In observing and reacting to this complex dynamic, the European hunch is that a democratic—let alone peaceful—outcome is unlikely to blossom from an undemocratic process marked by repression and violence. This assumption underpinned European Union Special Representative Leon Gros’ heroic but perhaps belated reconciliation effort in the summer. That effort has failed. Neither side, and particularly the military, seems interested in reconciliation. Their calculation appears to be that violent repression holds the double promise of weakening the MB (by eliminating its leadership and casting the organization in a state of disarray) and inciting a manageable level of Brotherhood violent backlash that would raise the military’s domestic and above all international support (i.e. triggering a ‘we told you so’ effect). Mediating reconciliation, while preferable to managing conflict, does not seem to be a viable option now.

The alternative is to engage in the Egyptian transition on its own terms: engaging with the military-led roadmap. The roadmap is essentially a timeline, bereft of substance. Is it reasonable to expect a constitution that marks a meaningful improvement from its 1971 and 2012 precedents to be drawn up in a few months? The roadmap tells us when a constitution should be drawn up by and when elections should be held. But it is silent on the actual content of how these defining political acts would take place and what the rules of the game would be. If Europe engages with the military-led transition, then it must add meat to the roadmap’s skeleton. Chief among such efforts must be the institutionalizing of principles and benchmarks, such as a constitution that reduces the prospects for what is currently an undemocratic process.

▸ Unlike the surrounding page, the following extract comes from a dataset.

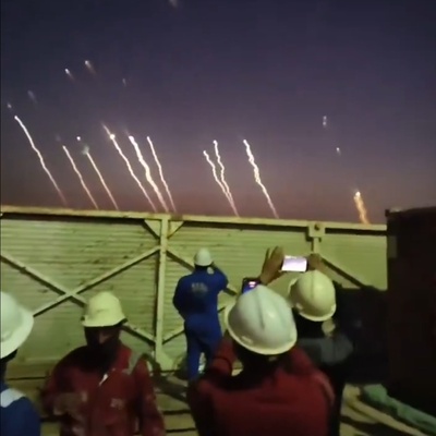 (فیلم) هیجان کارگرهای چینی در عراق از شلیک گسترده موشکهای ایرانی به سمت اسرائیل
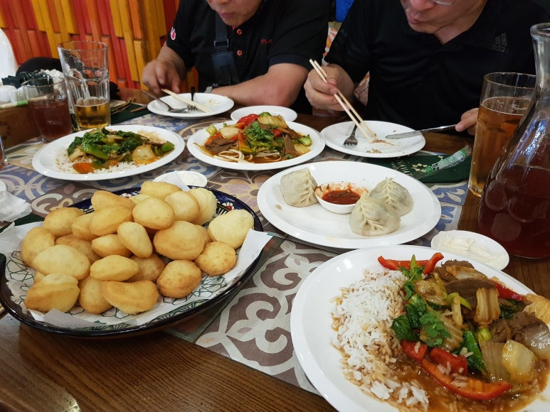 음식은 먹을 만함. 이곳 전통식사라고 하는데,,, 가격도 싸지 않음 4,5천원 정도. 이미 한국사람들 자주 와서 그런지 한국인들 입맛에 맞는 것만 내놓음. 어느 식당이건 현지식하면 비슷한게 계속 나옴. 오이, 토마토 자주 나오고 빵은 기본. 만두 어느 정도 맞음. 아주 맛있다는 건 모르겠음. 쌀은 역시 안남미. 보드카도 맛있음.

How can Europe achieve this? The EU flirted momentarily with the idea of negative conditionality: punishing the Egyptian regime by withdrawing the benefits already delivered to it. Talk of suspending the association agreement was aired immediately after the crackdown. The idea of sanctioning Egypt was rather rapidly dismissed. (The association agreement was negotiated and signed with former President Hosni Mubarak regime, and the current regime is, for all extents and purposes, a continuation of his rule.) Sanctions would risk alienating Egypt in its current hyper-nationalistic mood and would run counter to European trade interests— a stark contrast with any engagement strategy. However, in light of the current crackdown, maintaining business as usual risks undermining the EU’s credibility: the barking dog that never bites.

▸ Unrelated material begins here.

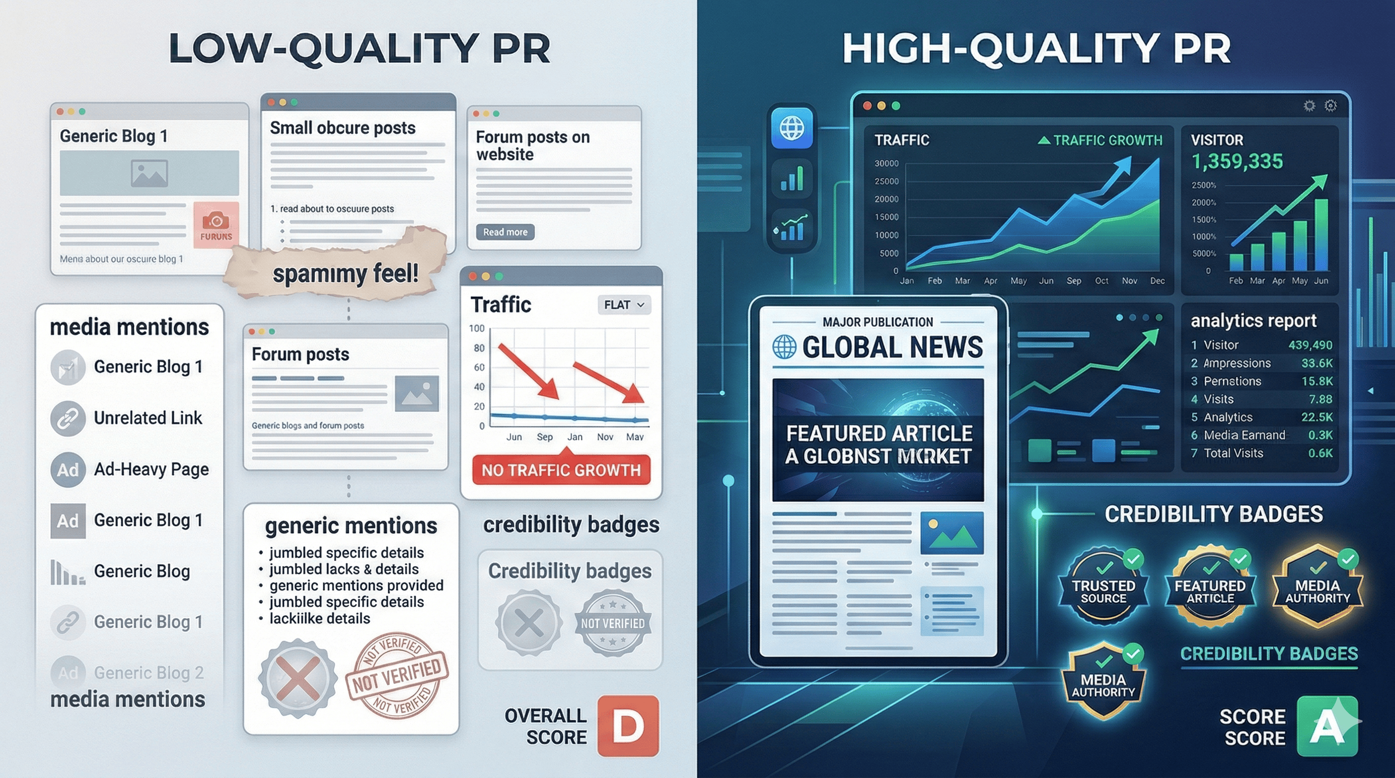 1. Named outlets, not volume counts "Distributed to 500 sites" is a red flag. Ask for a list of actual outlets. If they can't name them, the answer is scraper networks.

The compromise consensus is that of withholding the additional benefits promised to post-2011 Egypt in the context of the ‘more for more’ revision of the European Neighborhood Policy. Concretely, we are talking about withholding an additional €800 million, and the eventual withholding of the next financial package covering 2014-2017 (approximately €900 million for the three year period).

Cynics are quick to point out the irrelevance of EU assistance when compared to the $1.3 billion of US military assistance, let alone the $12 billion Saudi-Emirati-Kuwaiti aid package. But numbers do not amount to the full picture. No less important are the quality of assistance, its actual implementation (if possible in coordination with the U.S. to strengthen the leverage of both actors) as well as its political significance. Beyond political rhetoric, relations with Europe may be valued at a time in which American credibility is dismally low among all Egyptian groups. Plus the Egyptian military and business elites may not want to put all their eggs in the Saudi/Emirati/Kuwaiti basket.

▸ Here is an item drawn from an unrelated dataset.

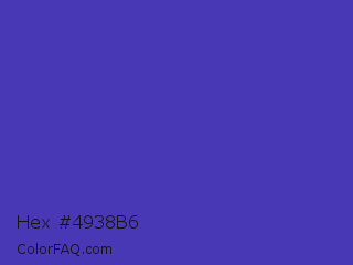 Hex #4938b6 Color is a normal indigo color and the nearest color is Ocean Blue #4f42b5. Hex code #4938b6 and RGB value is rgb(73,56,182). In RGB color space, this color is composed of 29% red, 22% green, 71% blue, In CMYK color space, this color is composed of 60% cyan, 69% magenta, 0% yellow , 29% black , In HSL color space, this color has a hue angle of 248° , 53% saturation and 47% lightness.

Limited as the EU’s influence may be, creating incentives—such as the ‘more for more’ approach—would offer a series of benchmarks and principles for the Egyptian roadmap, especially in the field of constitution and institution building. Through its conditional engagement and standard-setting role the EU can aspire to strengthen the bargaining hand of liberals in and out of the cabinet, as well as induce them to espouse the need for broader political participation, including reconciliation with the MB.

 

Nathalie Tocci is deputy director of the Istituto Affari Internazionali in Rome.